On va se dire la vérité : on vit dans une époque qui « fabrique » de la peur en série. Peur de l’avenir, peur de ne pas être à la hauteur, peur pour la santé de nos proches, peur de manquer de thunes… On a l’impression que si on n’est pas inquiet, c’est qu’on n’a pas bien compris la situation.

Et là-dedans, on entend la phrase de Jésus qui revient comme un refrain : « N’ayez pas peur ». C’est l’expression la plus répétée dans la Bible. Mais attention, ce n’est pas une injonction magique, c’est une stratégie de survie.
1. Le « N’ayez pas peur », ce n’est pas du déni
Quand Jésus dit ça aux disciples dans la barque, le vent souffle vraiment et ils sont vraiment en train de prendre la flotte. Il ne leur dit pas : « Mais non, il fait beau, vous hallucinez ! ».

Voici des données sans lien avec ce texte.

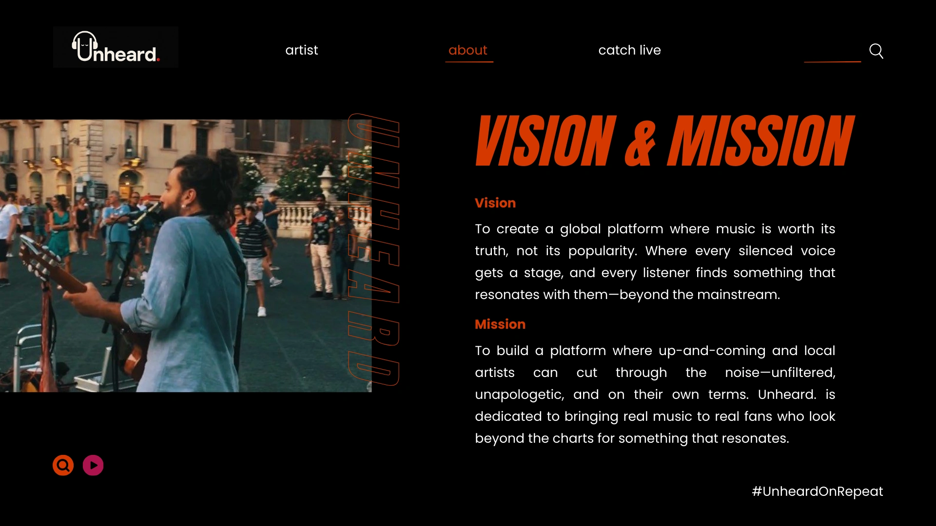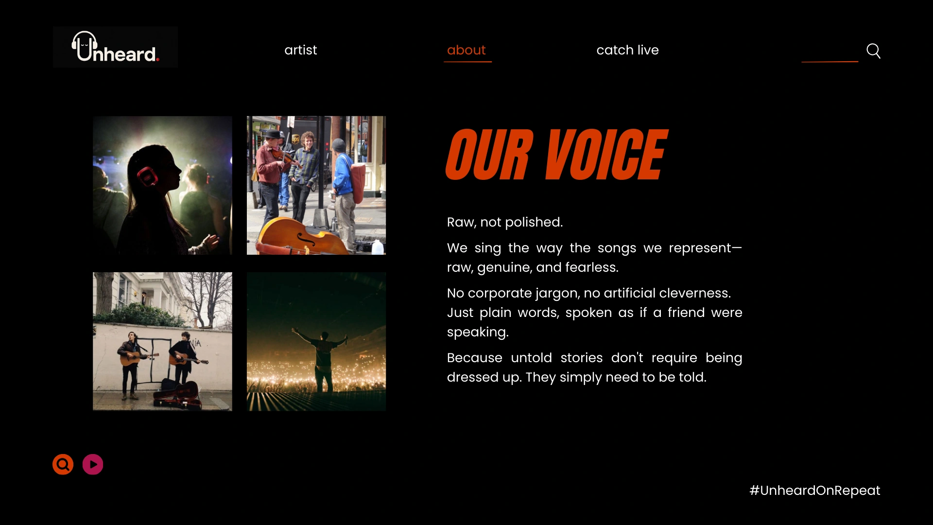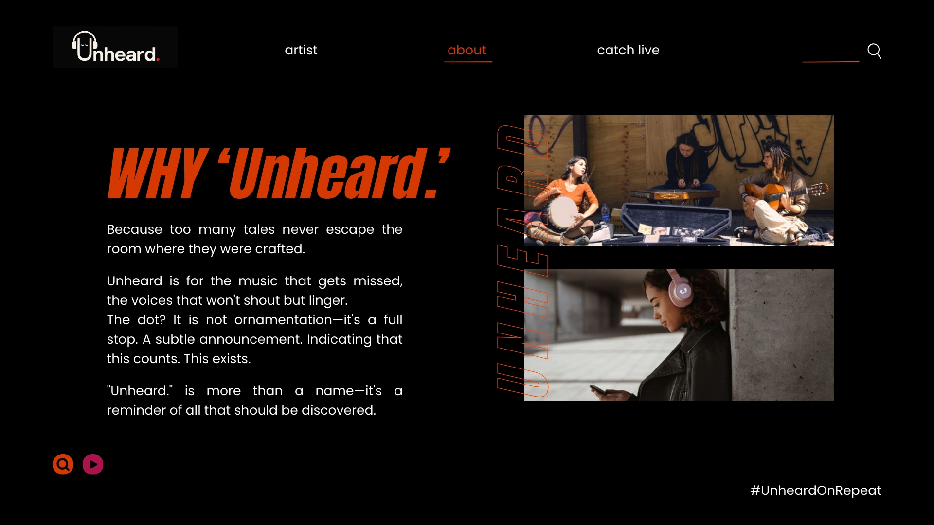 Unheard. is a mock music platform designed to spotlight underrated and independent artists who often get overlooked in the mainstream. The branding reflects authenticity, raw talent, and a stage for voices that deserve to be heard.

Chrétiennement, ne pas avoir peur, ce n’est pas nier les problèmes. C’est décider que le problème ne sera pas le patron. La peur est une excellente alarme, mais c’est un détestable conducteur. Si c’est elle qui tient le volant de ta vie, tu vas finir dans le décor ou tu resteras garé au stand.
2. La peur, c’est l’oubli
Tu as remarqué ? Quand on a peur, on oublie tout le reste. Les disciples sur la mer avaient oublié le miracle des pains du matin même. La peur nous rend amnésiques. On oublie que Dieu nous a déjà sortis de galères pires que celle-ci. On oublie qu’on a des ressources en nous. On oublie qu’on est aimés.
Dans nos vies : Le « N’ayez pas peur » de Jésus, c’est un bouton « Refresh ». C’est comme s’il te disait : « Hé, regarde-moi. On a déjà fait tout ce chemin ensemble. Pourquoi tu penses que je vais te lâcher maintenant ? »
3. C’est Moi (Le remède à l’angoisse)
Le remède contre la peur, ce n’est pas d’avoir plus de contrôle sur les événements (parce qu’on ne contrôle rien, soyons lucides). Le remède, c’est une Présence. Jésus ne dit pas : « N’ayez pas peur, j’ai un plan logistique en 12 étapes ». Il dit : « N’ayez pas peur, C’est moi ».
La foi, c’est passer de « Qu’est-ce qui va m’arriver ? » à « Avec qui je vais le traverser ? ». Ça change tout. Le vent souffle toujours, mais tu n’es plus seul à tenir les rames.
4. Le courage, c’est la peur qui a fait sa prière
Être chrétien, ce n’est pas être un robot sans émotions. On a le droit d’avoir les jetons. Le courage chrétien, c’est d’avancer avec sa peur, mais en la mettant dans les mains de Dieu. C’est dire : « Seigneur, j’ai les pétoches, mais je sais que tu es dans la barque. On y va quand même. »
Une petite mise en pratique pour ta journée :
Dès qu’une pensée angoissante arrive (le fameux « Et si… »), essaie de la court-circuiter tout de suite. Au lieu de dire : « Et si je n’y arrive pas ? », essaie de dire : « Seigneur, « C’est Toi », alors j’y vais ».
C’est un muscle qui se travaille. Plus on fait confiance sur les petites vagues, plus on est solide quand la tempête arrive.